It has been ages since this original post and still this thread will pop up on Google's results when searching for X-Fi related topics.
I have learned a great deal about the X-Fi's in the last several years. I mean, I purchased my XtremeMusic in 2006! It's 2015 now and I'm 100% convinced this card was the single best purchase I've made in my entire life! Creative even claims it'll continue to support it with updated drivers for the upcoming Windows 10 OS!
Now, back to the topic, it is actually possible to get anything from 48KHz to 192KHz into the sound card without much of an effort. Note that 192KHz is only supported in stereo mode. On Windows, it's as simple as choosing the corresponding sample rate on the Audio section in Control Panel and you're off to go. Now, you can't expect exact bit-perfect audio in Entertainment or Game mode as the X-Fi chip will always do some (near lossless) upsampling in those operating modes. You can check
this web page for more info on the X-Fi's SRC. The thing is, I've run extensive and thorough tests and I can guarantee that the X-Fi at least never downsample anything so you'd lose audio quality. The most it'll do in Entertainment or Game mode is
upsample audio and, as it is super efficient at that, you can't possibly hear any distortion whatsoever.
If you really want bit-perfect audio, which doesn't make much of a point to me unless in very specific situations (like audio playback capturing using WASAPI or WhatUHear – I use that to clone Spotify songs... haha), you can always use Creation Mode and manually set sample rate to whatever value you also set the Windows Audio Control Panel (let's call it WACP from now on). Or you can use ASIO and have sample rate switched automatically for you.
I've tested ASIO in Entertainment and Game mode as well. It does seem to switch the cards master sample clock according to whatever your source audio is, but still the card will do some upsampling, so no bit-perfect audio unless in Creation mode.
OpenAL bypasses the software-based Windows mixer.
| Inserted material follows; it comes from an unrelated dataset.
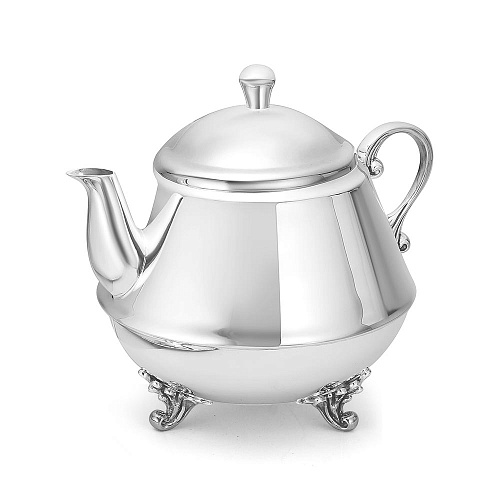 Идеально гладкий чайник выполнен из серебра 925°. Он имеет простой лаконичный дизайн с красивыми ножками растительного узора. Прекрасный чайник из коллекции «Византия» изготовлен для душевного чаепития.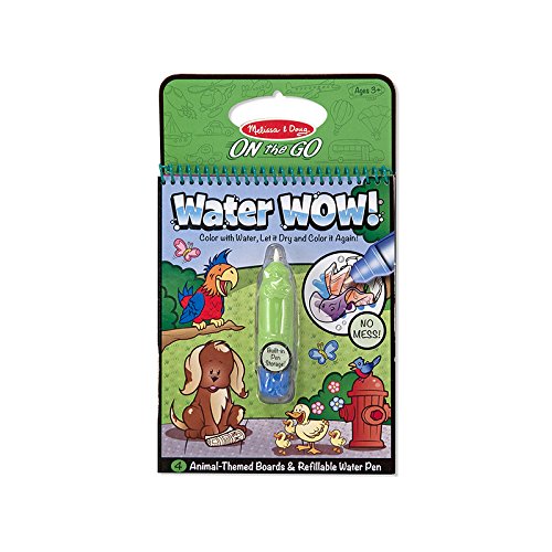Studio : Melissa Doug Publisher : Melissa Doug Binding : Toy Product Description No-mess painting for kids! This exciting paint-with-water coloring book includes four reusable pages and a refillable water pen. Simply use the pen to color in each scene--details and vibrant color appear with every stroke! Then let the page dry to erase the pictures and fill it in again and again. This animal-themed book includes four scenes to color, and a search-and-find activity for each scene. The chunky-sized water pen is easy for kids to hold and stores neatly right in the front cover, so Water WOW books make ideal travel activity books and travel toys for kids!

It makes Windows Vista / 7 / 8 / 10 work just like Windows XP. It'll make the sound card do all the mixing and resampling in hardware instead of having Windows mixer do it for you.
You can have Windows Media Player or
Foobar2000 use ASIO. With
Foobar2000, you can also use OpenAL. The advantage is you can leave WACP set to, let's say 48KHz/24bit all the time and never worry about sample rate switching again as ASIO and OpenAL still use hardware acceleration and will have the card do everything for you at the highest possible quality. If you use the standard Windows sound system instead, that is whenever you're not specifically using either ASIO or OpenAL, then you have to keep changing sample rate in WACP manually all the time if you expect Windows mixer not to do any resampling on its own before sending the audio to the sound card.
Note: the
current X-Fi driver for Windows 8 / 8.1 (SBXF_PCDRV_L11_2_30_0004.exe, released in March of 2014) has a bug in which, if you choose 44.1KHz audio in WACP, the sound will be heavily distorted. The workaround is play any 44.1KHz audio with Foobar2000 using ASIO as it will set the sound card master sample clock to a matching multiple of 44.1KHz instead of the standard 48KHz. If you do that with foobar, you can use 44.1KHz in WACP with no distortion whatsoever. Whenever you reboot your PC though, you have to do the thing with Foobar again to get rid of the distortion.
I keep on doing that, it has become religious already: do I want WACP set to 44.1KHz? Then I open a 44.1KHz file with Foobar2000 outputting sound through ASIO. Do I want to switch back to 48KHz in WACP? Then I open a 48KHz file with Foobar to get the sound card back to the standard master clock. Thus, I get no distortions in the current buggy driver.